■ **Directions**
From the data below, copy exactly the lines that lie between the one holding "XYZ 52.385,31.828,72.49 Color" and the one holding "The website leverages", including both, and nothing more.

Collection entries
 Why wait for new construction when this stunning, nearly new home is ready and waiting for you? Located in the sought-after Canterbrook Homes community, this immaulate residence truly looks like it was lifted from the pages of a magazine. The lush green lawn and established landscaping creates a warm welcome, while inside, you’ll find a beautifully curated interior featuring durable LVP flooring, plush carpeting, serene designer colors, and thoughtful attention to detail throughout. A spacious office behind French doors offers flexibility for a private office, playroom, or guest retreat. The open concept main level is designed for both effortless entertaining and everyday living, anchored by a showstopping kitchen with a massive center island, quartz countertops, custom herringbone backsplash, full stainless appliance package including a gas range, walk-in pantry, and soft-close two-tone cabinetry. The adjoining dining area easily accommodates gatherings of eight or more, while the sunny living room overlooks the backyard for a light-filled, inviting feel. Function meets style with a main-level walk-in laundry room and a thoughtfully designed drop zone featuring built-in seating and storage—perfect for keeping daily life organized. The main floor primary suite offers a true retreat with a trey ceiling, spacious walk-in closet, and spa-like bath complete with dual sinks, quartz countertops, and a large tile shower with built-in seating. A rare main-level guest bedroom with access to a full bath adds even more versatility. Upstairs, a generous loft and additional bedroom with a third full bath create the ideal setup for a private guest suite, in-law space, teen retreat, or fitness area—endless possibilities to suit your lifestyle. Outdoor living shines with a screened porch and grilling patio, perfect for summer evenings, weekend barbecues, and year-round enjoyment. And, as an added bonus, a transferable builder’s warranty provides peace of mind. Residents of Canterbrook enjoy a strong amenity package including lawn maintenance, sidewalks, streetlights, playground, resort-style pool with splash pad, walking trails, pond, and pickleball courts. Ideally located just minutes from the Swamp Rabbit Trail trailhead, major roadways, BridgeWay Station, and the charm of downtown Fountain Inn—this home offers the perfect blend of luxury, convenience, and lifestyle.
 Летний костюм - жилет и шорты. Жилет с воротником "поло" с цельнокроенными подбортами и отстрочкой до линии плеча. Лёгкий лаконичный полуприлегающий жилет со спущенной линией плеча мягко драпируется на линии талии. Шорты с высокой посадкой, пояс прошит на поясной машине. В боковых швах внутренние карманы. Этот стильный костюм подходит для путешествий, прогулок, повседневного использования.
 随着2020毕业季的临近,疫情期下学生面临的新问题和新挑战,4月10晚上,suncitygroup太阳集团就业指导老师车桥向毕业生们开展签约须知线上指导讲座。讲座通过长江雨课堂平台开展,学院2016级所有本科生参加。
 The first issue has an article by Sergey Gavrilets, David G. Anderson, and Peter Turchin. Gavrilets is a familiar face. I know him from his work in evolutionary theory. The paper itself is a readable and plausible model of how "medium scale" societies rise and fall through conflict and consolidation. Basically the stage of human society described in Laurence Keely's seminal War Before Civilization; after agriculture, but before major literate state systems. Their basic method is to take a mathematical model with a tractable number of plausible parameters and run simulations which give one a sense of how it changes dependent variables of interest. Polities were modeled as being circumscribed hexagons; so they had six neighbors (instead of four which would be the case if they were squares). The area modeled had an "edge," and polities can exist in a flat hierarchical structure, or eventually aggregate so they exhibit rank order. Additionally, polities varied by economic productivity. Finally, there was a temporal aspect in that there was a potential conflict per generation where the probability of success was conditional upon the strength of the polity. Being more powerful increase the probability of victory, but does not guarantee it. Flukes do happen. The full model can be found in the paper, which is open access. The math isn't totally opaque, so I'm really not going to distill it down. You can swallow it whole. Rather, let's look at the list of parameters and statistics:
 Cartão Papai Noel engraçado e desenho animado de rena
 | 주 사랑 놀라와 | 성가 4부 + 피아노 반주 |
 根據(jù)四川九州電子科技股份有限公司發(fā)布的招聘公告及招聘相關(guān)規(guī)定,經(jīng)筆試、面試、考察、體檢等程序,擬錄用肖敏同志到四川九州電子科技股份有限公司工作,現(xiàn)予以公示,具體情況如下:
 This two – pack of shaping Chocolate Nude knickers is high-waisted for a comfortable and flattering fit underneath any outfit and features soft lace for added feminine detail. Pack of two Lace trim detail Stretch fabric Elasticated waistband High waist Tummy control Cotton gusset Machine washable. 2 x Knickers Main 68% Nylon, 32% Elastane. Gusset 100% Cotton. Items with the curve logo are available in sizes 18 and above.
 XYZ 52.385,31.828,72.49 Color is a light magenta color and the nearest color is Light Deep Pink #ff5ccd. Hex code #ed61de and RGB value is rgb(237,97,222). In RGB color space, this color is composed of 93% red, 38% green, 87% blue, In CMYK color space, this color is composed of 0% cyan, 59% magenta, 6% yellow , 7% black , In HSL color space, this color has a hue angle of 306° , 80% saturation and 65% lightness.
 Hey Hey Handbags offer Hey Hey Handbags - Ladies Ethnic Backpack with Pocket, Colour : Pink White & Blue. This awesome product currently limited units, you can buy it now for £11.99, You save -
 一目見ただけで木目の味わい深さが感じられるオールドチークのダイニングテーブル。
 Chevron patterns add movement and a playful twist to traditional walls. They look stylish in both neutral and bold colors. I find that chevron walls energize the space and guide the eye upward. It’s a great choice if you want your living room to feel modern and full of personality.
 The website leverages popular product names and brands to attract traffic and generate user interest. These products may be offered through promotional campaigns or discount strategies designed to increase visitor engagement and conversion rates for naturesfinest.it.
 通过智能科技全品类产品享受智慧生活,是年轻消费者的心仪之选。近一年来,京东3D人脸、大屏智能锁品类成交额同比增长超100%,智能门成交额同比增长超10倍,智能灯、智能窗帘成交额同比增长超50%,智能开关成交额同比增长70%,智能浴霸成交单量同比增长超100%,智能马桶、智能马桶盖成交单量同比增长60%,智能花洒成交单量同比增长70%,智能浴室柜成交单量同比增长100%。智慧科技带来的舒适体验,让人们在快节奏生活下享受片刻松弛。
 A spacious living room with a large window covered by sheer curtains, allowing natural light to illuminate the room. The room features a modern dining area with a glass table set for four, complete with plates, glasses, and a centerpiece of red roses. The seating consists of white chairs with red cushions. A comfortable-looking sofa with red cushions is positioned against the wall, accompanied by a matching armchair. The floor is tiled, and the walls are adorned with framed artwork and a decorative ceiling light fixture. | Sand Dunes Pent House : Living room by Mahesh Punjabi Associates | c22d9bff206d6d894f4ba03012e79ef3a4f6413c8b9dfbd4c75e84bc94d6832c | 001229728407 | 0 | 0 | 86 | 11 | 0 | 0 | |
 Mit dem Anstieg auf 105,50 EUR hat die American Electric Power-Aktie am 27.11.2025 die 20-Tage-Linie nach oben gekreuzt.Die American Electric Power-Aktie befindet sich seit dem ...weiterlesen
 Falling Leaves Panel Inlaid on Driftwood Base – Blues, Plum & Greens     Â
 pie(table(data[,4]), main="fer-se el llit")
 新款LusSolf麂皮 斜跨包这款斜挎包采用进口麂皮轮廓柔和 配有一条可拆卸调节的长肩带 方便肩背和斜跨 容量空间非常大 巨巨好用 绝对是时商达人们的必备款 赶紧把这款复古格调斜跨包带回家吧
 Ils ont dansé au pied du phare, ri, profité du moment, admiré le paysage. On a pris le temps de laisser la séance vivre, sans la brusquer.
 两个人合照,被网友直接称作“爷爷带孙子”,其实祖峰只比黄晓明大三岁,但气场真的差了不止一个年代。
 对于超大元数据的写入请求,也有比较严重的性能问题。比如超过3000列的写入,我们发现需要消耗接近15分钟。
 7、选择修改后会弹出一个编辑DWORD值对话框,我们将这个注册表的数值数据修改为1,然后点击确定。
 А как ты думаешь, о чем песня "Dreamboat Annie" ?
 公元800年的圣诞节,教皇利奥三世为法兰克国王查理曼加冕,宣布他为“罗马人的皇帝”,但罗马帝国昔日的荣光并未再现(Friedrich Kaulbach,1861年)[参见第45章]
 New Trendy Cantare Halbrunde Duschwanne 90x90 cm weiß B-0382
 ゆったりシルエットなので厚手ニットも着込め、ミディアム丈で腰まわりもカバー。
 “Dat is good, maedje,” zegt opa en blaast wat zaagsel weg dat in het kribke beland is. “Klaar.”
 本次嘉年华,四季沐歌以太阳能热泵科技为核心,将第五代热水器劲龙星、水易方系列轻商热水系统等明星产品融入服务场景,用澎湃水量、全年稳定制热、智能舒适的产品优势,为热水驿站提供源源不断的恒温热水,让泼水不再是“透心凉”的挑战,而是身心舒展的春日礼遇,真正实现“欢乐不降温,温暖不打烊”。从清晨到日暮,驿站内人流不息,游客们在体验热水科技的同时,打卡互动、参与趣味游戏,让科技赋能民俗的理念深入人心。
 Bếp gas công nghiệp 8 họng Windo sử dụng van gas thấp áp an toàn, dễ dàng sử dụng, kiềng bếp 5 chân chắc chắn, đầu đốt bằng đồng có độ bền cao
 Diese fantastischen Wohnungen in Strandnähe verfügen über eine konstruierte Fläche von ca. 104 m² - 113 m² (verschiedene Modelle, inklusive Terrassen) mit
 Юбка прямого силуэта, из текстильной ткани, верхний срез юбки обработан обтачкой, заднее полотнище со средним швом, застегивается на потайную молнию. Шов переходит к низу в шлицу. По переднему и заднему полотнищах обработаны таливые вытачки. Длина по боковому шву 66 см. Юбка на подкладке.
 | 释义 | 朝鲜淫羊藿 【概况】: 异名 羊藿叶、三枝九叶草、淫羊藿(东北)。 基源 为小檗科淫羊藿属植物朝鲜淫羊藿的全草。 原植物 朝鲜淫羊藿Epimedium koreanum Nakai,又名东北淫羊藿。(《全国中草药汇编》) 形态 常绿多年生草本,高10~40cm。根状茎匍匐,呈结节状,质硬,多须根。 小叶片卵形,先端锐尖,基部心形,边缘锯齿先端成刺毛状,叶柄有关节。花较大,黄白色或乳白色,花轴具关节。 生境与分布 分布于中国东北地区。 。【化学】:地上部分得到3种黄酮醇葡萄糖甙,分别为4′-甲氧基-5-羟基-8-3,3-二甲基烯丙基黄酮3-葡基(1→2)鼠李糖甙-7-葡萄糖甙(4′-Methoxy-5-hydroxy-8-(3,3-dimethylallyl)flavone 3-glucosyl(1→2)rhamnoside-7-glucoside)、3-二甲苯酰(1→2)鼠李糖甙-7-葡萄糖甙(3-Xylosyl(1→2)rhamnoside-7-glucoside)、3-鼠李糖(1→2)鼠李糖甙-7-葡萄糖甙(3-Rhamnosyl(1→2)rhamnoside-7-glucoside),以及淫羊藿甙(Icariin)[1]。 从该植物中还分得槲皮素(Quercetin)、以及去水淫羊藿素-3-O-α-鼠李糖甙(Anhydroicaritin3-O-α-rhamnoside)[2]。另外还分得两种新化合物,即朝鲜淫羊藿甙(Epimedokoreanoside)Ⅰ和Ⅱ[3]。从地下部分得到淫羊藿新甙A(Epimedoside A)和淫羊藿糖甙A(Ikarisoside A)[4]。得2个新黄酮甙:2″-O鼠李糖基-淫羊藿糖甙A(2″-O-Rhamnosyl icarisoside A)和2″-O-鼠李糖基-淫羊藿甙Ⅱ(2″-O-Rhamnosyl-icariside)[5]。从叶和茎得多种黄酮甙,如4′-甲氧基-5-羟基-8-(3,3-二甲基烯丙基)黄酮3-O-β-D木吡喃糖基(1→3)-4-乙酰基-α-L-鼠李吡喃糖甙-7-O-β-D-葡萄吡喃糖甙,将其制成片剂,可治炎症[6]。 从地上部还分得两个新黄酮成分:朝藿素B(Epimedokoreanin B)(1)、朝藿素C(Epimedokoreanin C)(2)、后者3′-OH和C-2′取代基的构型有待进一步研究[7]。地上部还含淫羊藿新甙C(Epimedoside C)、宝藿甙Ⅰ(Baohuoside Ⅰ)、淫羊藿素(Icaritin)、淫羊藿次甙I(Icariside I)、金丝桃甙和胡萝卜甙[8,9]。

■ **Task result**
 XYZ 52.385,31.828,72.49 Color is a light magenta color and the nearest color is Light Deep Pink #ff5ccd. Hex code #ed61de and RGB value is rgb(237,97,222). In RGB color space, this color is composed of 93% red, 38% green, 87% blue, In CMYK color space, this color is composed of 0% cyan, 59% magenta, 6% yellow , 7% black , In HSL color space, this color has a hue angle of 306° , 80% saturation and 65% lightness.
 Hey Hey Handbags offer Hey Hey Handbags - Ladies Ethnic Backpack with Pocket, Colour : Pink White & Blue. This awesome product currently limited units, you can buy it now for £11.99, You save -
 一目見ただけで木目の味わい深さが感じられるオールドチークのダイニングテーブル。
 Chevron patterns add movement and a playful twist to traditional walls. They look stylish in both neutral and bold colors. I find that chevron walls energize the space and guide the eye upward. It’s a great choice if you want your living room to feel modern and full of personality.
 The website leverages popular product names and brands to attract traffic and generate user interest. These products may be offered through promotional campaigns or discount strategies designed to increase visitor engagement and conversion rates for naturesfinest.it.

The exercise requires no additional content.